Stop the Clock Curry!

Now I have no idea what this name means, but its a curry recipe that my boyfriends mom gave to me and I love it!  I believe the original recipe is from USA Today (Stop The Clock Recipe) , but what I really like about this dish is that it offers a lot of flexibility as far as ingredients are concerned. It's a really nice way to use up vegetables you might have lying around in the fridge. The original recipe uses spinach and 8 oz of tomato sauce, but I used kale and left over spaghetti sauce because that is what I had on hand. I also love spicy food, so I tend to kick it up a bit. I would say the basic ingredients you would need are curry powder or paste, chickpeas, and a sauce that is tomato based. Oh don't forget the couscous or rice to eat with it!

So what exactly is a curry?  It turns out curry is a pretty ambigous term developed by Western civilization that describes a group of spices that flavors meat or vegetables. The type of spices depends on the type of cuisine it originates from, generally Indian, Caribbean, or Southeast Asian.  Curry can be wet as in a sauce or dry, where the meat and vegetables are cooked so the liquids evaporate.  If you buy a curry powder, it will generally be comprised of coriander, turmeric, red pepper, cumin and fenugreek (which has a bitter flavor).  Fenugreek is also commonly found in Five Spice mixtures. Cardamom, ginger, clove, cinnamon, and  black pepper are also common ingredients found in a curry powder.  A curry paste is used generally in Thai food (and also the group of foods at the supermarket you will find it under.) Curry paste generally has a fish component added with it. For this recipe, I find either will work.

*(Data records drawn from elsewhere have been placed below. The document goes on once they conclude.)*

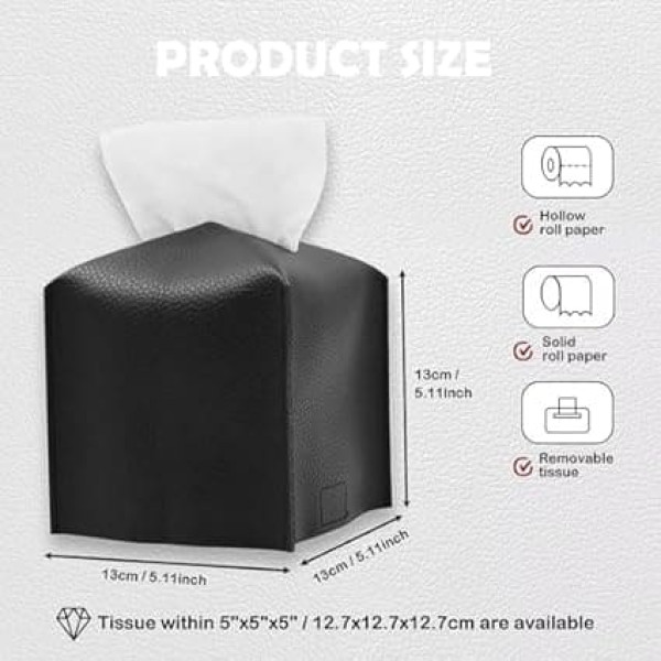Stilvolle Aufbewahrung: Verkleiden Sie standardmäßige, quadratische Taschentuchboxen mit diesem stilvollen Bezug; verbergen Sie leicht Taschentuchboxen aus Pappe; das saubere, niedliche Design ist perfekt für den privaten oder gewerblichen Gebrauch; ergänzt jede Einrichtung. KLASSISCH & PRAKTISCH - Dieser Spender hat ein klassisches Design, das jede Badezimmereinrichtung ergänzt, von traditionell bis modern. Die transparente Kunststoffkonstruktion ermöglicht es Ihnen, leicht zu sehen, wie viele noch im Inneren sind und wann es Zeit ist, sie nachzufüllen. Der Halter hat ein klassisches Design mit einer glatten Oberfläche, wodurch er leicht zu reinigen und zu pflegen ist. Einfaches Nachfüllen: Offener Boden ermöglicht einen einfachen Austausch von leeren Taschentuchboxen – einfach die Abdeckung anheben und eine neue Box darunter platzieren; perfekt für Beistelltische, Nachttische, Arbeitsplatten, Waschtische und Schreibtische im ganzen Haus; Verwendung in Küche, Schlafzimmer, Wohnzimmer, Familienzimmer, Bastelraum, Badezimmer; perfekt für Ihr Zuhause, Büro, Auto, Geschäft oder Boutique. Bequem zu lagern und zu tragen: Taschentuchbox-Abdeckung ist aus hochwertigem Leder hergestellt; kann gefaltet und wieder in seine ursprüngliche Form gebracht werden, wenn sie verwendet wird. Obwohl es leichter als Kunststoff-, Metall-, Chrom-, Bronze-, Glas-, Spiegel-, Holz-, Bambus- und Rattan-Tuchabdeckungen ist, ist Leder robuster als Baumwoll- oder Leinenstoffbezüge und ist leicht mit einem feuchten Tuch zu reinigen. Fügen Sie jedem Raum eine dekorative Note hinzu: Diese stilvolle Interpretation der Taschentuchbox-Abdeckung verleiht Ihrem Schlafzimmer, Badezimmer oder jedem anderen Raum Ihres Hauses oder Büros eine dekorative Note. In verschiedenen Farben erhältlich. › See more product details; Product description Verleihen Sie Ihrem Raum einen Hauch von Stil und Eleganz mit dieser Taschentuchbox-Abdeckung. Maße: 12,7 x 12,7 x 12,7 cm, passt in die meisten quadratischen Standard-Tücherboxen und ergänzt jede Raumdekoration. Hergestellt aus hochwertigem Leder, ist dieser Bezug sowohl langlebig als auch leicht mit einem feuchten Tuch zu reinigen. Das Design mit offenem Boden ermöglicht ein schnelles und einfaches Nachfüllen, wodurch es perfekt für Beistelltische, Nachttische, Arbeitsplatten und mehr ist. Leicht und dennoch stabil, ideal für Zuhause, Büro oder sogar im Auto. Erhältlich in mehreren Farben, passend zu Ihrem Stil.; Product description Verleihen Sie Ihrem Raum einen Hauch von Stil und Eleganz mit dieser Taschentuchbox-Abdeckung. Maße: 12,7 x 12,7 x 12,7 cm, passt in die meisten quadratischen Standard-Tücherboxen und ergänzt jede Raumdekoration. Hergestellt aus hochwertigem Leder, ist dieser Bezug sowohl langlebig als auch leicht mit einem feuchten Tuch zu reinigen. Das Design mit offenem Boden ermöglicht ein schnelles und einfaches Nachfüllen, wodurch es perfekt für Beistelltische, Nachttische, Arbeitsplatten und mehr ist. Leicht und dennoch stabil, ideal für Zuhause, Büro oder sogar im Auto. Erhältlich in mehreren Farben, passend zu Ihrem Stil.; Verleihen Sie Ihrem Raum einen Hauch von Stil und Eleganz mit dieser Taschentuchbox-Abdeckung. Maße: 12,7 x 12,7 x 12,7 cm, passt in die meisten quadratischen Standard-Tücherboxen und ergänzt jede Raumdekoration. Hergestellt aus hochwertigem Leder, ist dieser Bezug sowohl langlebig als auch leicht mit einem feuchten Tuch zu reinigen. Das Design mit offenem Boden ermöglicht ein schnelles und einfaches Nachfüllen, wodurch es perfekt für Beistelltische, Nachttische, Arbeitsplatten und mehr ist. Leicht und dennoch stabil, ideal für Zuhause, Büro oder sogar im Auto. Erhältlich in mehreren Farben, passend zu Ihrem Stil.
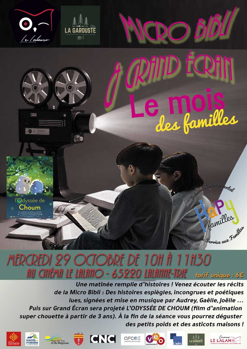 SortiesCalendrier des Messes 01/10/2025 à TRIE-SUR-BAISEENSEMBLE PAROISSIAL Religieuse Mois des familles 10/10/2025 à CASTELNAU-MAGNOACActivités, contes, ateliers, etc CCPTM Animation locale - Atelier Pour enfant Culturelle - Découverte - Sensibilisation Micro Bibli & Ecran géant![]() 29/10/2025 à LALANNE-TRIEProjection du film d’animation L’ODYSSÉE DE CHOUM, précédée de la lecture de courtes histoires par l’association La Garouste et sa Micro Bibli CINEMA LE LALANO - MAISON DE LA COMMUNICATION Cinéma Culturelle Tél cellulaire 06 87 97 35 51 Tél filaire 09 63 45 26 25 Site internet: http://lelalano.fr/ Halloween 31/10/2025 à TRIE-SUR-BAISE19h30 à 22h ouvert à tous les enfants de 3/11 ans sous la responsabilité des parents Venez déguisés à la Maison Enfance Jeunesse fermeture des entrées à 21h SERVICE ENFANCE JEUNESSE CCPTM Pour enfant Associative ou civique Tél cellulaire 05 62 50 02 78 Loto du Foyer rural 31/10/2025 à PUNTOUSRdv salle des fêtes Tel 06 25 28 16 17 COMITE Animation locale Loto Lire la suite → |
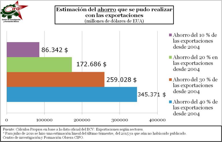 En el gráfico anterior podemos ver que con un ahorro de apenas 20 % de las exportaciones, que repetimos, se multiplicaron por casi 4 veces en el período 2003 a 2012, se pudo haber ahorrado más de 170 mil millones de dólares, lo equivale a más de 15 veces la totalidad de las exiguas reservas internacionales (2016) del país. Esta fabulosa cantidad es igual a 12 años de importaciones, tomando en cuenta las importaciones del año 2003 (el primer año del control de cambio). Si consideramos que el incremento neto de las exportaciones llegó a ser de 257 %, es plausible imaginar que se pudo ahorrar el 40 % de las exportaciones con un poco de disciplina. De haber hecho esto, el país hubiera podido acumular más de 345 mil millones de dólares. Con ello tendría el equivalente a más de 30 veces las minúsculas Reservas Internacionales de hoy en día y a la vez tuviera una cifra de ahorro equivalente a 24 años de importación (a niveles del año 2003), cuando el control de cambio daba sus pinitos. Incluso ahorrando un 10 % de las hercúleas exportaciones se pudo obtener más 6 veces las reservas internaciones de nuestra actualidad y más de cinco años de importaciones (2003).
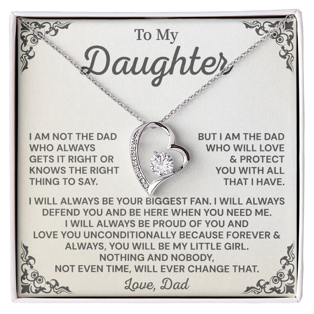 Give your daughter a timeless gift that speaks from the heart. This elegant heart-shaped necklace, paired with a powerful "Love and Protect" message card, serves as a lasting reminder of a father's unconditional love and unwavering support.
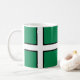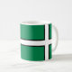 Mug with design with a flag of historic county of Devon, in England, Great Britain; green flag with a white cross with a black border
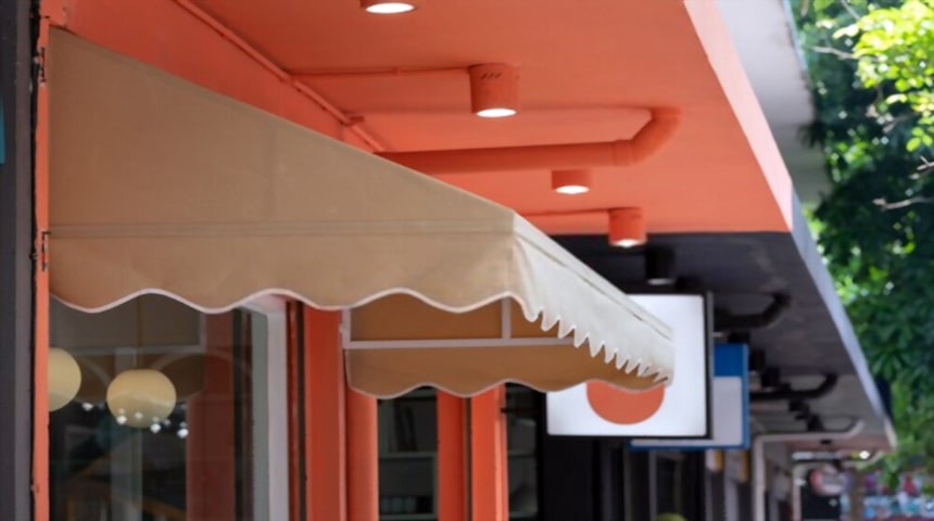 Dado que la tela o cenefa corre verticalmente hacia abajo y es visible tanto cuando la tela del toldo está extendida como retraída, a menudo se usa en el sector de la restauración o el comercio minorista con fines publicitarios.
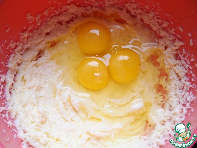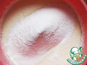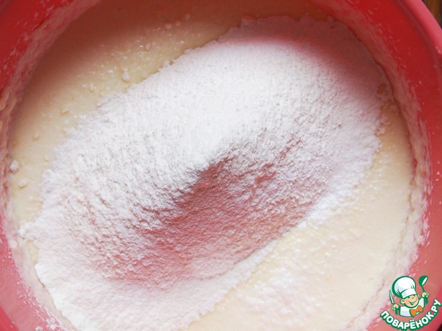 Частями просеять муку с разрыхлителем. Хорошо перемешать, чтобы не было комочков.
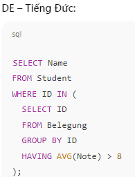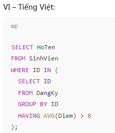 2. Subquery – Tìm sinh viên có điểm trung bình lớn hơn 8
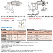 Thước kẹp điện tử Mitutoyo Series 573, ABSOLUTE Digimatic Neck Caliper, hàm kẹp cổ chai Point Jaw, mũi nhọn
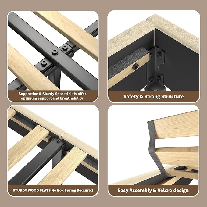 - 【Sturdy Support Modern Bed Frame】This upholstered bed frame twin delivers sturdy, quiet support—its thickened slats and heavy-duty metal structure hold up to 1200 lbs, with no box spring needed. Whether paired with memory foam or innerspring mattresses, this camas twin modernas balances strength with the softness that makes boucle so beloved.
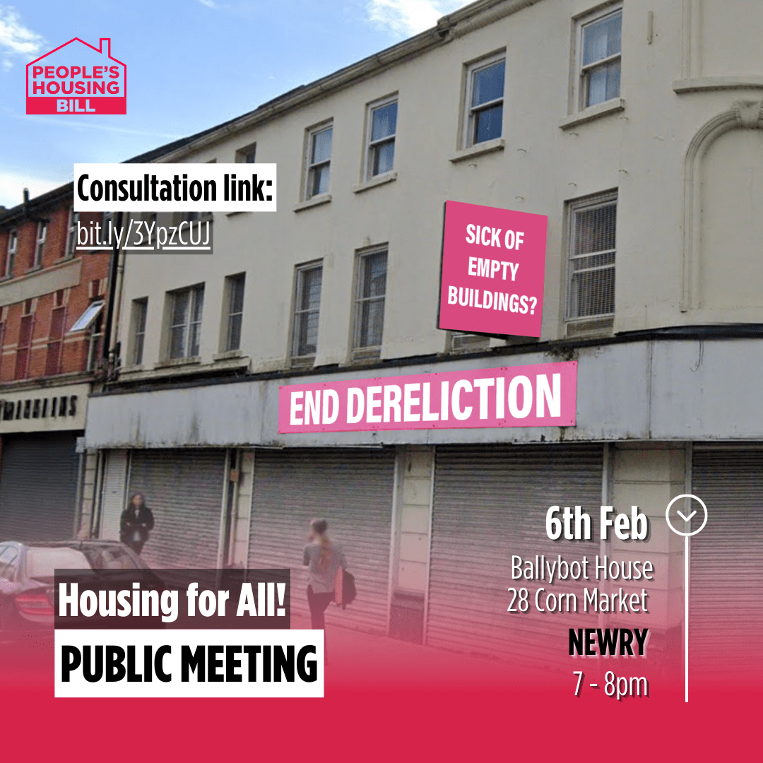 People Before Profit Newry has organised a public consultation meeting, on the topic of the escalating housing crisis and its devastating impact on working class communities. The meeting will take place in Ballybot House, on Thursday 6th February at 7pm.
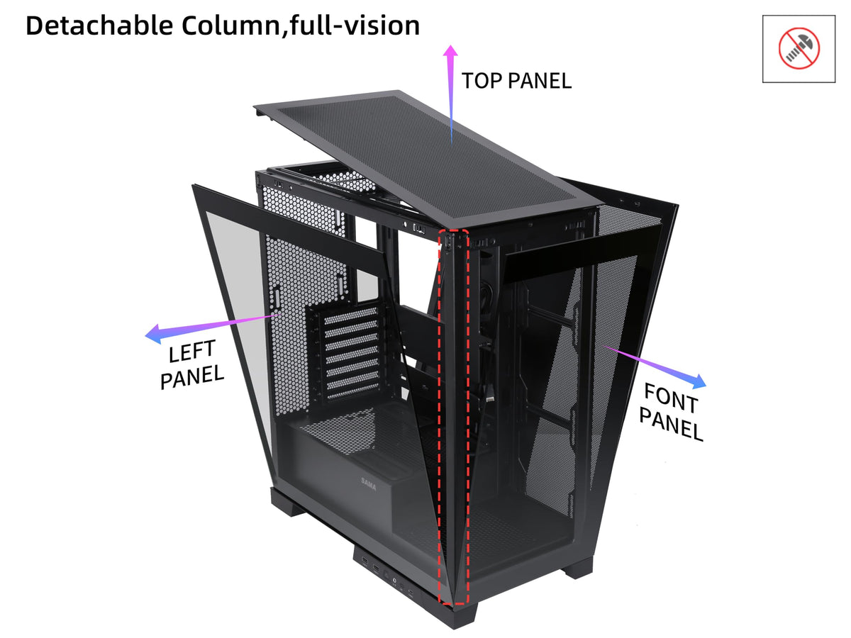 1.Tempered Glass Side Panel And Front Panel 2.Pre-Install Universal 4Ports Of Argb Hub , And Pre-Install 4 Argb Fans With Universal Connectors 3.Fast And Easy Disassemble And Assemble Structure, Adjustable L/O Component Position, Universal Usb3.0*2 Type-C*1 Interface 4.Support Latest Back Plug Atx/M-Atx/Itx Motherboard, Max Gpu Length 430Mm, Max.Cpu Height 183Mm,Support Eatx/Atx/M-Atx/Itx Motherboard 5.Top Support 360Mm Radiator, 7X120Mm/6X140Mm Fans (Pre-Installed With Argb Fans) 6.Huge Space For Cable Management
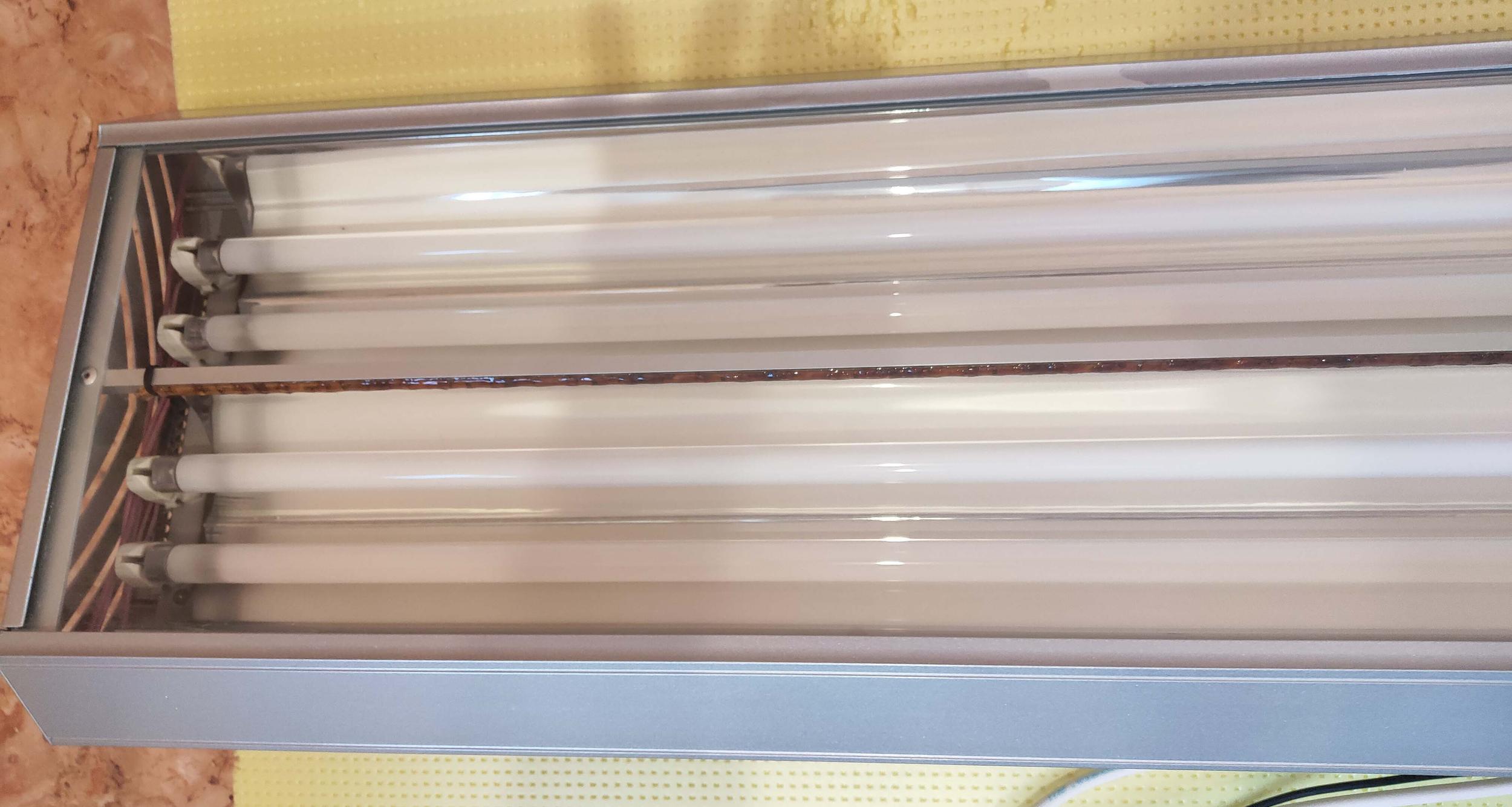 Четыре лампы Т5 по 54Вт с отражателями (2 эпра). Лампы защищены стеклом. Освещение разделено на 2 + 2 лампы, что позволяет с утра включать 50% освещения, днем 100% и вечером 50%.
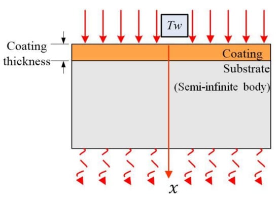 The coating thickness of the mono-layer coated tools is generally very thin, between 1 and 8 μm [19] When the tool cuts into the work piece, the tool coating is subjected to strong instantaneous thermal shock. With the increase of cutting time, the transient degree gradually weakens, and finally transits to steady-state heat conduction. The coated tool substrate is sufficiently large compared with mono-layer coating and can then be considered to be a semi-infinite body. Figure 2 shows a schematic of heat conduction model for a one-dimensional coated tool. For the heat conduction calculation, the following assumptions were used:
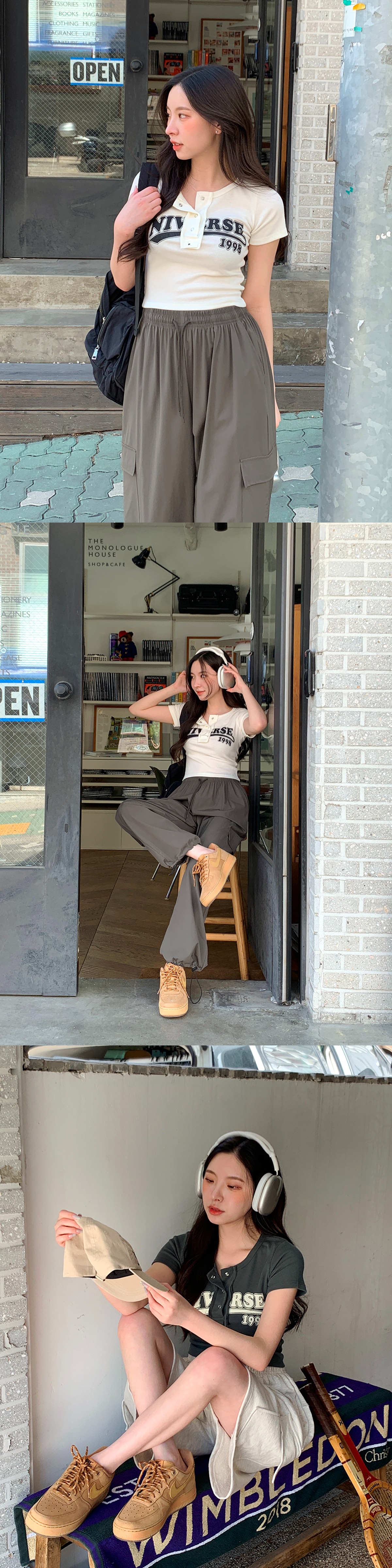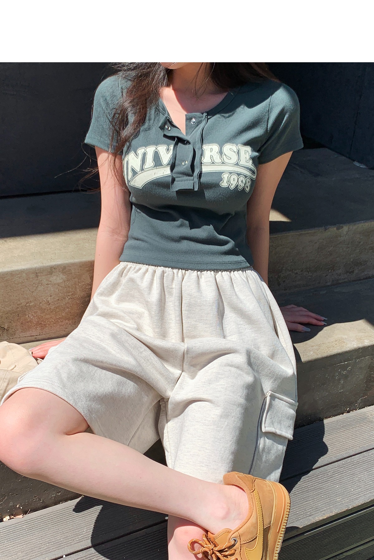 라운드넥 단추 또또 나염 크롭티 여성 여름 반팔 티셔츠

Servings:  4            Time: 20 - 30 minutes

Ingredients:
  • 1 tb of Olive or Vegetable Oil
  • 2 Cloves of Garlic, minced
  • 1/2 a Yellow Onion, diced
  • 2 tsps of fresh Ginger, minced
  • 1 tb of Curry Powder (or paste)
  • 2 tsps of Red Pepper Flakes
  • 2 stalks of Celery, diced
  • 2 Carrots, julienned or diced
  • 1 Roma Tomato diced
  • 1-2 Kale Leaves, with stalks removed and chopped
  • 1/2 cup of Corn Kernels, fresh or frozen
  • 1 Bell Pepper, cut in slices (I used half a green, half an orange)
  • 1 15 oz can of Chickpeas
  • 1 8 oz can of Tomato Sauce, or about 1/4 of a jar of Spaghetti Sauce
  • 1 cup of Water or Vegetable Broth
  • 1 tb of Cumin
  • 1-2 tsps of Garam Masala (optional)
  • Cooked Couscous (follow Box instructions)
Steps:
1.) Over medium heat, combine the oil, garlic,onion, ginger, curry, and red pepper flakes in a saucepan or large skillet. Saute 4-5 minutes or until onions and garlic are translucent.


2.) Add the remaining vegetables and saute for another 4 minutes or so until they start to sweat.


3.) Add in the tomato sauce, chickpeas, water, and remaining spices. Simmer for approximately 10 minutes.


4.) Spoon the mixture over cooked couscous, and you are done!